- WHAT IS EXPECTED -
Please, from the entries below, transcribe exactly the lines that begin at the line with "Кольцо из белого золота c сапфиром и эмалью" and end at the line with "Felix® Lohkopunajuuret on", without the pictures.

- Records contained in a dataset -
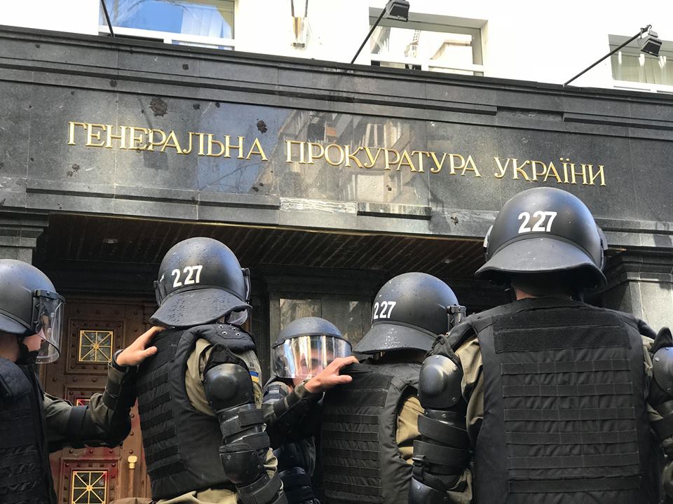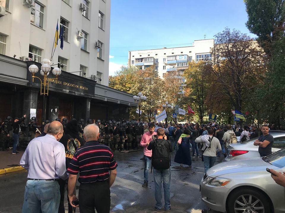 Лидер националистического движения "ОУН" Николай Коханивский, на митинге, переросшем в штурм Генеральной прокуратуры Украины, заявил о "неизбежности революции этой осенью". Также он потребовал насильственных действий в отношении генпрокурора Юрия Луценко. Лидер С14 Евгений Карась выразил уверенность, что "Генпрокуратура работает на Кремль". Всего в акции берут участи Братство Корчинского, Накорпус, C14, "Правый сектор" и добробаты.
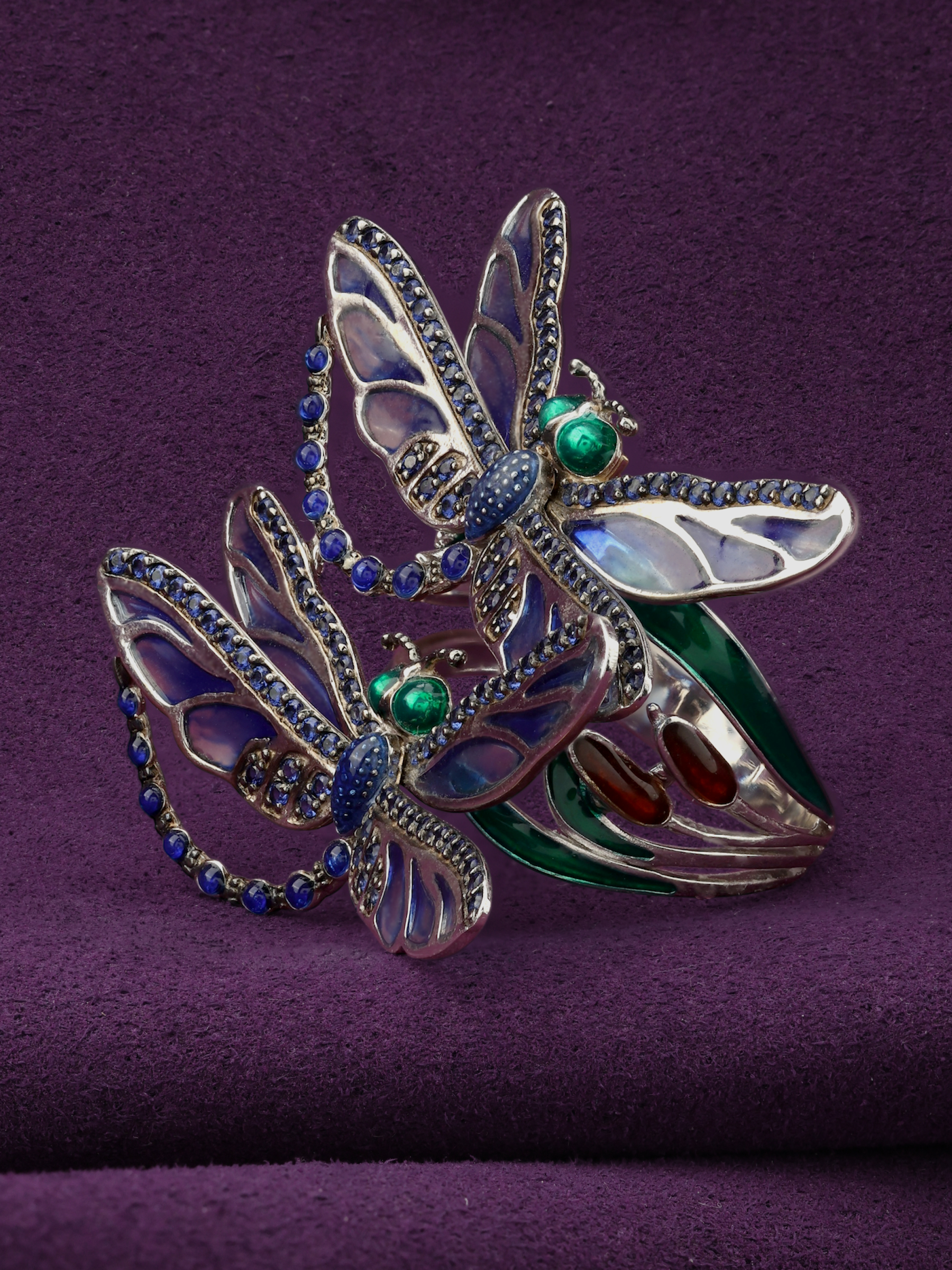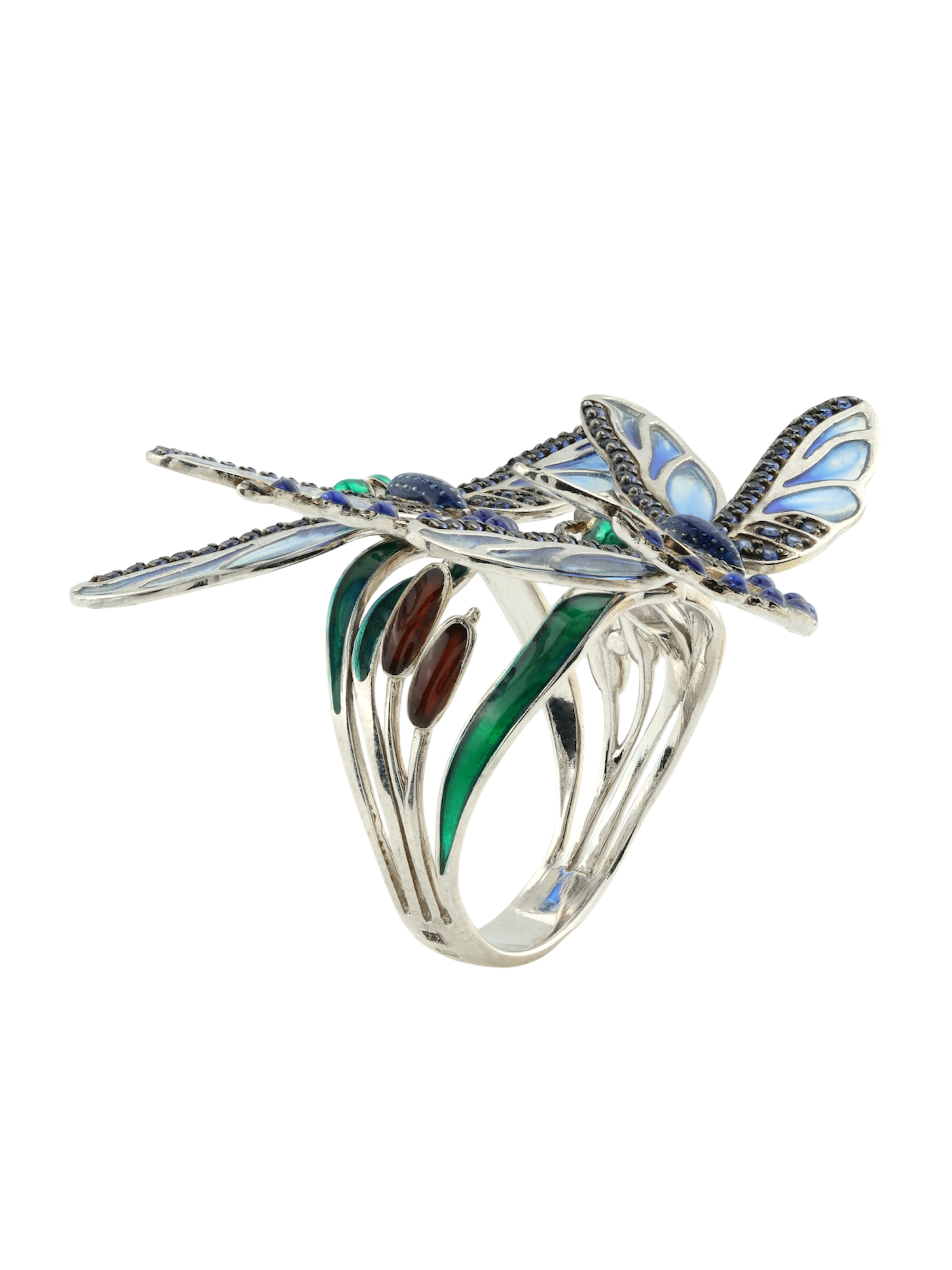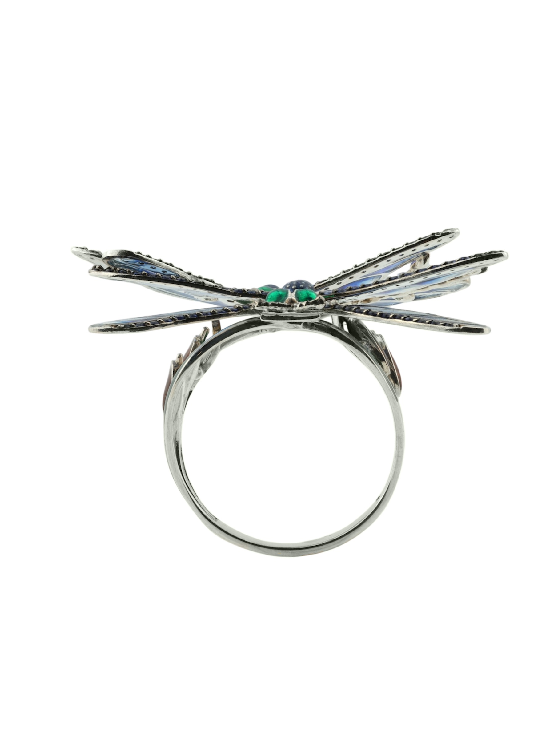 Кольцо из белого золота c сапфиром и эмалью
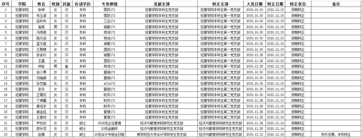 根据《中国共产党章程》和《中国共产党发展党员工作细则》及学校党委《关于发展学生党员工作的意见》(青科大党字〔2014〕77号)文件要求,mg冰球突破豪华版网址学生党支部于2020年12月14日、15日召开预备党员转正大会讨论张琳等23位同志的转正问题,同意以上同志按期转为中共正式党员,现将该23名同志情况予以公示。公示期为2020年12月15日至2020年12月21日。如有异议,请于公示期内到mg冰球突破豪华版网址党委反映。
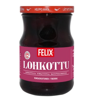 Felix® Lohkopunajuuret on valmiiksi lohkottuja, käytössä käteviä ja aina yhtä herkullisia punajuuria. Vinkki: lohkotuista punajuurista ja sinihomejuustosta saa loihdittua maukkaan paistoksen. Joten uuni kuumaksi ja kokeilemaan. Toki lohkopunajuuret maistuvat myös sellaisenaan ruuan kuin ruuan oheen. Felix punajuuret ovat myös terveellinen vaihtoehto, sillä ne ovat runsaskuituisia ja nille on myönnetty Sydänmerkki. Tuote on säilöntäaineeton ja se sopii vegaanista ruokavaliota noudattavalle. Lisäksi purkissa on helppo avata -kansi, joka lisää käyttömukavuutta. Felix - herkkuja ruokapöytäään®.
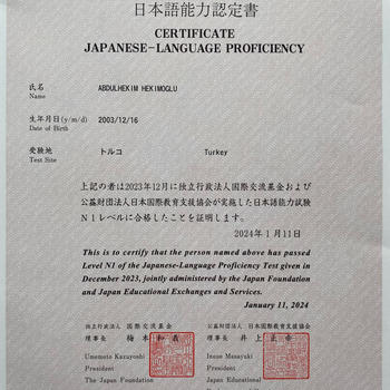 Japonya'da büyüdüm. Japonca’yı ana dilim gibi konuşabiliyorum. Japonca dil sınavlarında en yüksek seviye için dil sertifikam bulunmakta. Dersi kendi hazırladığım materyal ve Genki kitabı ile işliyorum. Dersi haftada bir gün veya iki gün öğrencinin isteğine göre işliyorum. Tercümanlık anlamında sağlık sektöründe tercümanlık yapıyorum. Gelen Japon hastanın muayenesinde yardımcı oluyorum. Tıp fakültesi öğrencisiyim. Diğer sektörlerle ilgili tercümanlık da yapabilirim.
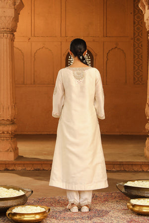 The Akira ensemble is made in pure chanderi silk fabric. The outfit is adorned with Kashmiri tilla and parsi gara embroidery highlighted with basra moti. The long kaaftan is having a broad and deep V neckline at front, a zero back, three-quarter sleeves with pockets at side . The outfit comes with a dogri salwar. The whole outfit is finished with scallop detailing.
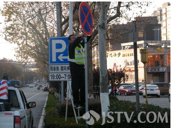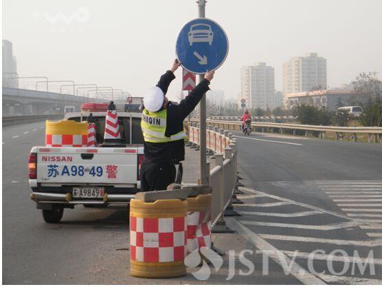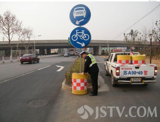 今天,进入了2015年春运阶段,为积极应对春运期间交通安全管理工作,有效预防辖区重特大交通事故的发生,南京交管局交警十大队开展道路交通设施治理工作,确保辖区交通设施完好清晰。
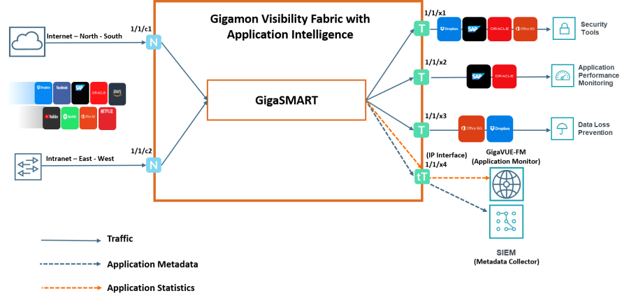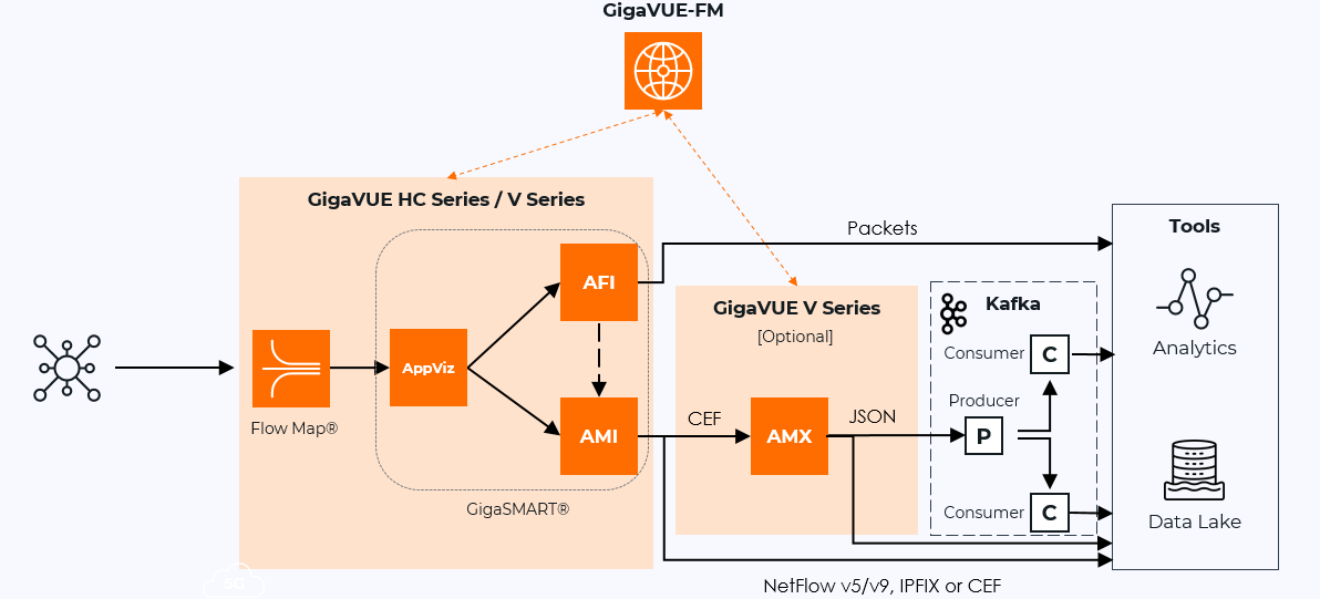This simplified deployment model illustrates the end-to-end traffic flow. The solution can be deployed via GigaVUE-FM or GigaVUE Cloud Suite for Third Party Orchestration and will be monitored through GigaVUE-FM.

- SOLUTION -
 Кольцо из белого золота c сапфиром и эмалью
 根据《中国共产党章程》和《中国共产党发展党员工作细则》及学校党委《关于发展学生党员工作的意见》(青科大党字〔2014〕77号)文件要求,mg冰球突破豪华版网址学生党支部于2020年12月14日、15日召开预备党员转正大会讨论张琳等23位同志的转正问题,同意以上同志按期转为中共正式党员,现将该23名同志情况予以公示。公示期为2020年12月15日至2020年12月21日。如有异议,请于公示期内到mg冰球突破豪华版网址党委反映。
 Felix® Lohkopunajuuret on valmiiksi lohkottuja, käytössä käteviä ja aina yhtä herkullisia punajuuria. Vinkki: lohkotuista punajuurista ja sinihomejuustosta saa loihdittua maukkaan paistoksen. Joten uuni kuumaksi ja kokeilemaan. Toki lohkopunajuuret maistuvat myös sellaisenaan ruuan kuin ruuan oheen. Felix punajuuret ovat myös terveellinen vaihtoehto, sillä ne ovat runsaskuituisia ja nille on myönnetty Sydänmerkki. Tuote on säilöntäaineeton ja se sopii vegaanista ruokavaliota noudattavalle. Lisäksi purkissa on helppo avata -kansi, joka lisää käyttömukavuutta. Felix - herkkuja ruokapöytäään®.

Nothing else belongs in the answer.